Outro ponto preocupante é a percepção de que algumas pessoas estejam recebendo recursos para executar atividades que já deveriam ser parte de suas atribuições e outros que recebem sem mudar minimamente seu comportamento diante da responsabilidade institucional. Isso levanta uma questão ética fundamental em relação ao dever de cada integrante da universidade e suas responsabilidades institucionais.Os estímulos adicionais deveriam ser instrumentos de fomento a novas iniciativas ou de apoio a demandas extraordinárias e deveriam refletir a qualidade do servidor no que tange a sua atividade fim.

Nesse contexto, cabe perguntar: onde está a ética profissional e institucional? O fortalecimento de uma universidade pública de excelência, como a Uenf, exige não apenas infraestrutura e financiamento, mas também um compromisso inabalável com princípios éticos. Transparência, meritocracia e responsabilidade devem ser os alicerces de qualquer ação que envolva recursos públicos.

Se queremos uma Uenf mais forte e coesa, é imprescindível rever práticas que, ainda que sob a aparência de progresso, corroem a confiança na instituição.
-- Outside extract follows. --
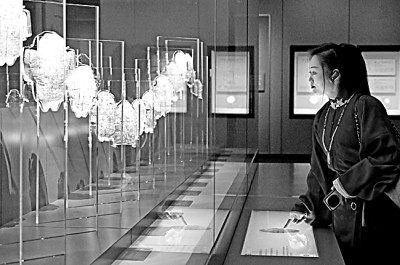 参观者在河南安阳殷墟博物馆新馆内观看展出的刻辞卜甲。新华社发
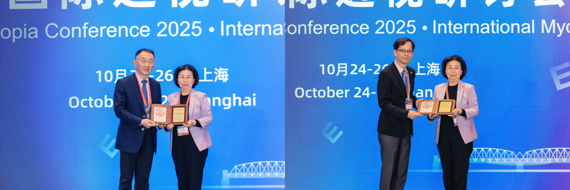 郑广瑛院长表大会,向在眼科领域及近视防控研究中做出卓越贡献的复旦大学眼耳鼻喉科医院孙兴怀教授与新加坡国立大学Ching-Yu Cheng教授颁发了荣誉证书。

Um processo de reflexão coletiva é urgente, pautado pela busca de critérios claros, avaliação independente e um verdadeiro compromisso com o bem coletivo. Apenas assim poderemos garantir que ações como a Bolsa Pró-UENF estejam alinhadas ao propósito maior de promover a justiça, a inclusão e a excelência acadêmica.

Concluindo, tenho consciência de que partes isoladas deste texto poderão ser utilizadas para sugerir, de forma equivocada, que sou contrário a este programa. No entanto, isso não corresponde à realidade. Minha discordância reside na ausência de critérios claros e na implementação precipitada de um programa institucional sem a devida participação de um comitê externo, essencial para garantir sua integridade. Assim, minha maior preocupação é que programas dessa natureza têm caráter temporário, enquanto o Plano de Cargos e Vencimentos (PCV) da Uenf permanece defasado. Nossa capacidade de atrair e reter jovens docentes tem sido progressivamente reduzida em comparação com outras instituições de ensino superior.

Reafirmo a necessidade urgente de uma política que viabilize a imediata recomposição do PCV, pois medidas paliativas acabam gerando confusão na comunidade ao envolver valores que podem ser revogados a qualquer momento, além de consumirem recursos que deveriam ser direcionados à recomposição salarial de maneira estrutural e definitiva, inclusive para nosso quadro de inativos que possui paridade com o quadro ativo.


Carlos Eduardo de Rezende é professor titular do Laboratório de Ciências Ambientais da Uenf e Bolsista Produtividade 1A do CNPq.